Yemeni people have been fighting on behalf of various militant outfits globally, including in Iraq, Somalia, Afghanistan and Pakistan, for a very long period of time. In fact almost half of the suspected terrorists detained after the World Trade Center bombings and September 11 attacks were of Yemeni origin. Al-Qaeda had every reason to take root inside Yemen, more so, in this conflicting, competing high conscious era.
In 1962, a revolution in the North Yemen ended over 1,000 years of rule by Zaidi Imams, a branch of Shiite Islam, who claimed descent from the Prophet Mohammad in the truest sense of Shiite Islam. Sa’dah was their main stronghold and since their fall from the power the region was largely ignored economically and remains underdeveloped. The Yemeni government has little or no authority in the region.
The modern Shiite militancy in the North has its origin in persistent discrimination of Shiites by Sunni majority in Yemen. At least, that is what is claimed by Shiites in the region and accepted by many parts of non-Islamic world. To tell all the probable readers the truth, this paragraph’s information has its source in Wikipedia.
The once separate countries of the South Yemen and the North Yemen merged amicably in 1990, but the union soured when the Northerners began to monopolize political power and economic opportunity. The war broke out against the dominance of the Northerners in 1994 but Northern forces crushed the breakaway movement brutally. There has been growing dissent formally against the dominance of the North since then and there is growing popular demand for separation and secession from the North in the South.
The proposed federalism in Yemen should be viewed in view of attempts by Yemeni authorities to address solving the above mentioned problems, almost all home grown. The most urgent requirement of Yemeni society is to contain secessionist demands in the South. The agreed Northern regions are Azal, Saba, Janad and Tahama while the Southern ones include Aden and Hadramawt.
The decision may have implicit or even explicit American hand, notably, hands of some of the US Congressmen and Congresswomen. As expected separatists in the South Yemen have rejected supposed ‘more autonomy’ to the region and have sworn to go ahead with their demands of freedom from the North.
The federalism would be a great leap forward in attempting to establish democracy and the required institutions in Yemen. In ideal federalism, both Union and its subunits remain powerful. The Union does not loose anything by devolving many powers to states. In fact, it may gain as a consequence. Only thing is that in best of the conditions, the very basis of a federal state is based on huge production, equitable consumption and expansion of economy and the state.

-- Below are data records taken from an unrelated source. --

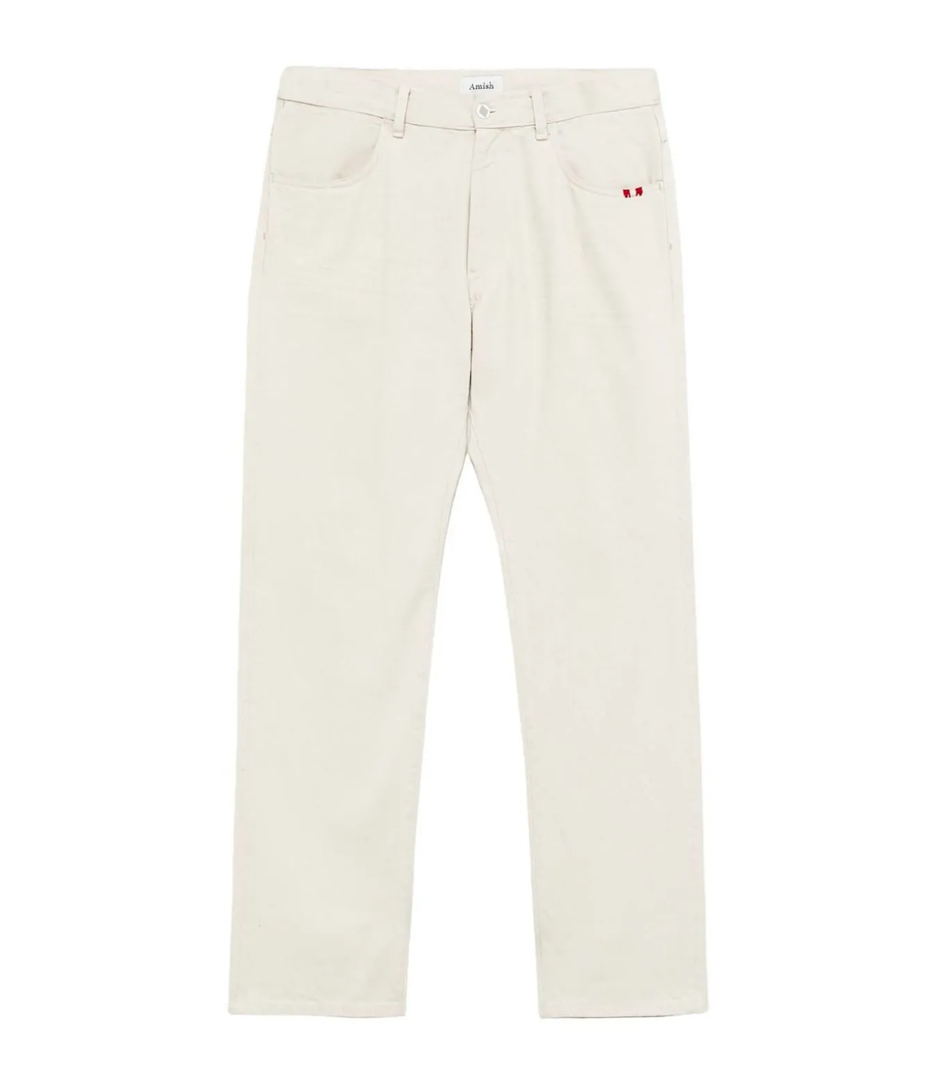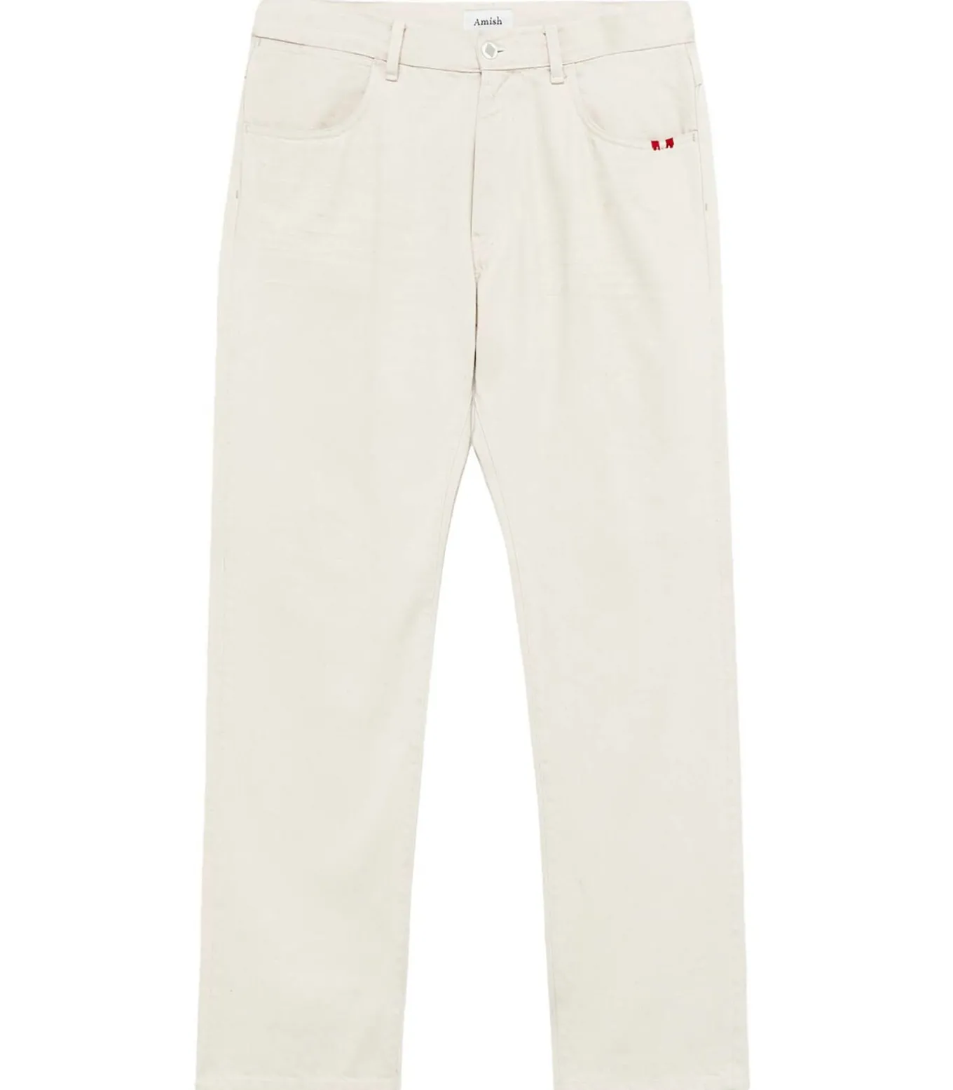 * Kleur: Ecru * Samenstelling: 100% katoen * Pasvorm: Rechte pasvorm voor een recht en comfortabel silhouet * Sluiting: Sluiting met logoknoop en rits * Details: Effen selvedge denim met natuurlijk effect. Lus van logostof op de achterkant, achterzakken met contrasterend borduurwerk. * Gebruik: Perfect voor een verfijnde, casual look, ideaal om te combineren met sneakers of loafers voor een veelzijdige en verfijnde outfit.
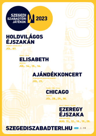 - Egy héttel később Michael Kunze és Lévay Sylvester régen várt musicalje, az Elisabeth érkezik három estére a Szabadtéri Játékokra. Az Erzsébet császárné életét színpadra álmodó, nagyívű előadás hazai ősbemutatójára 1996-ban éppen a Dóm téren került sor, és azonnal a szegedi közönség egyik legkedvesebb musicaljévé vált. A történet ezúttal a Kecskeméti Katona József Nemzeti Színház vendégelőadásában, Szente Vajk kiváló rendezésében kel életre a nagyszínpadon.
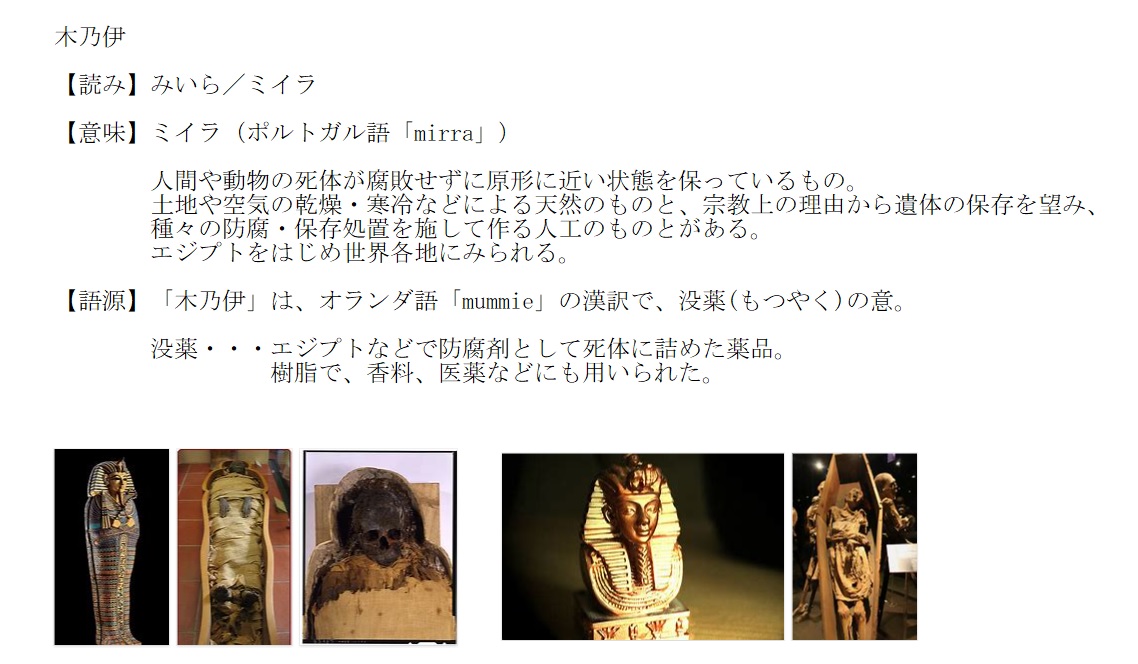 みいら | ミイラ。長期間原型を留めている死体 | 解説 |
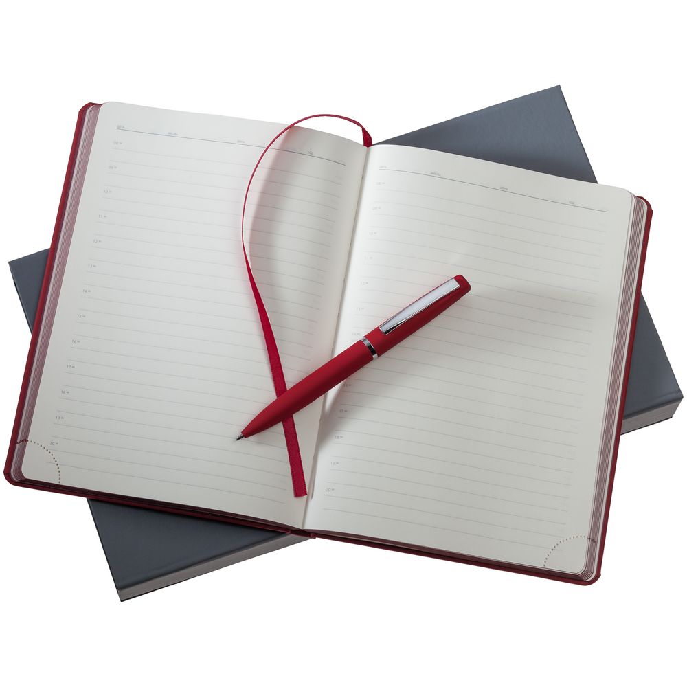 | Материал | ежедневник — искусственная кожа; ручка — металл; покрытие софт-тач; коробка — картон |
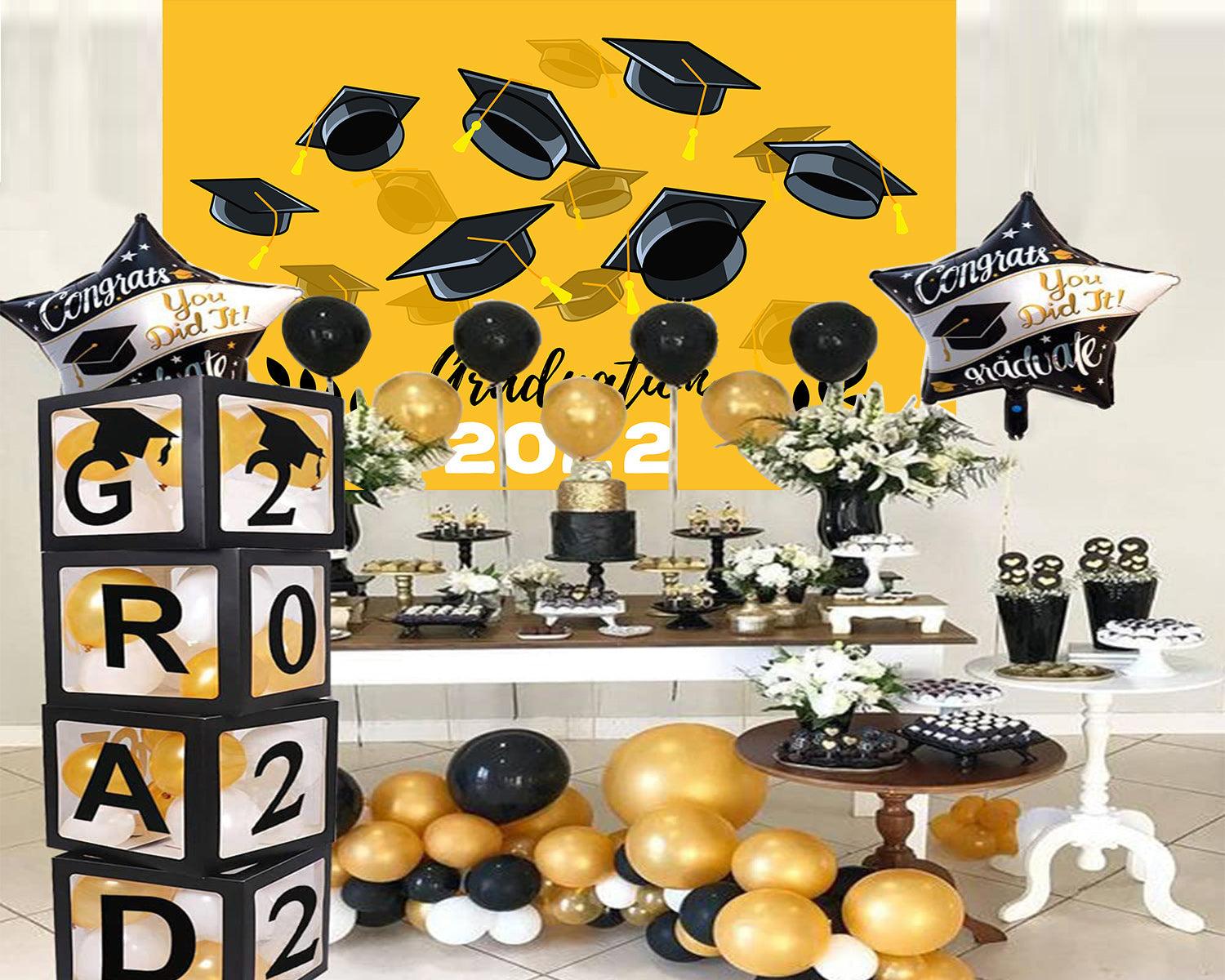 Yellow background Bachelor hat decoration Graduation Party Backdrop for Photography Graduation Party Decorations TKH1866
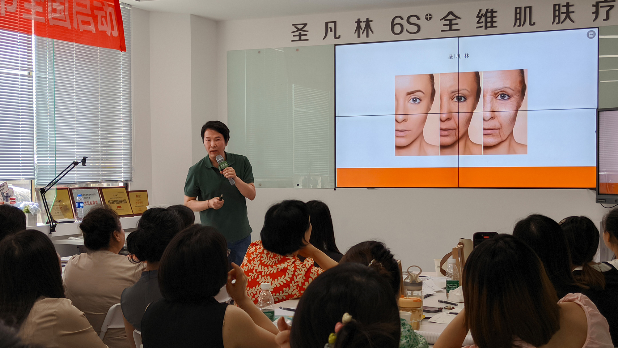 紧接着,圣凡林总裁邹保康先生登台,为与会者带来了一场主题为“专业水光路,八年铸辉煌”的专业赋能课。邹保康先生结合自己十余年的美业开拓经验,深入剖析了当前美业环境的发展趋势。他指出,随着消费者对于美肤需求的不断升级,美业市场正面临着前所未有的机遇与挑战。针对美业老板们最关心的业绩和流量问题,邹保康先生明确指出了下一步的行动方向。他强调,只有通过技术创新、服务升级和营销策略的优化,才能在激烈的市场竞争中脱颖而出。
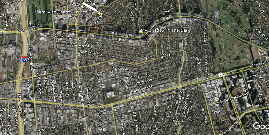 Then we see the sunrise over a not so Miami looking neighborhood. Thanks to the crew of Vice fans at Miamiviceonline.com we now know that this was flmed in Westwood California. The camera was located at the Park Westwood Towers, 969 Hilgard Avenue, Westwood. It shoots eastward toward Wilshire Blvd.

Sure, such things do not apply in Yemen; in fact in none of the troubled Islamic states, yet federalism can be tried as a substitute for rising amorphousness in Islamic states in the forms of increasing inter-sectarian conflicts, regional divides, religious disputes and conflicts over the status of females, apostates and atheists.
The news should be welcomed by all troubled nations in the region as federalism allows separate laws for different people as per the requirement of the time whenever such are urgent and necessary, while the Union remaining strong for most of the times. In this particular case such would lead to divisions of Yemeni people into known and possible aspired territories; various demographics somewhat secluded and protected by geography. Such could reduce various demographic divides and many state-conflicts.
Federalism, in adapted and localized forms and not definitely derived from Americanism, is the best way to suit people in the Middle East. Even the rich Saudi Arabia should consider applying it within the nation in spite of its absolute monarchy. The Saudi monarchy itself can make separate laws for different people of different sects, religions, genders and even nationalities in absence of any independent lawmaking institutions.
It can also invest in creating regional majorities. As a matter of choice the Saudi state can create a ‘junk state’, where all non-conformists can live together rather peacefully after eliminating any possible threat to the state.
But to make it effective, the federalism in Yemen and elsewhere in the Middle East and the North Africa should have teeth and the powers; legislative, executive and administrative, should be spread and shared among all partitions of the state. ‘Laws as suitable to the minds and bodies of the people’, should be the dominant theme in the Middle East and the North Africa. Universality and secular convergence have meaning too though they should be tried with utmost caution.
As a summary, federalism may have power to conquer psychology but increased power of the region and increased awareness of the people may make it equally ineffective in dealing with big armed insurgency. In fact federalism can be tried in Islamic world where there is a lack of state institutions and infrastructure and dominance of tribal culture. What is must is to assert and accept the power of commonality of Islam and its Unitarianism.
The Islamic states, those which apply federalism under suitable conditions, would be better advised not to assert too much power of guns and other statecrafts but instead they should choose careful soothing words, believe in rightful deeds and insist on bonding among people.
It looks a bit emotive but that is what is the need of hour in this increasingly chaotic and destabilizing part of the Islamic world. If tried appropriately, federalism can succeed in Iraq, Pakistan, Afghanistan, Egypt, Syria, other than in Yemen and obviously in the Saudi Arabia.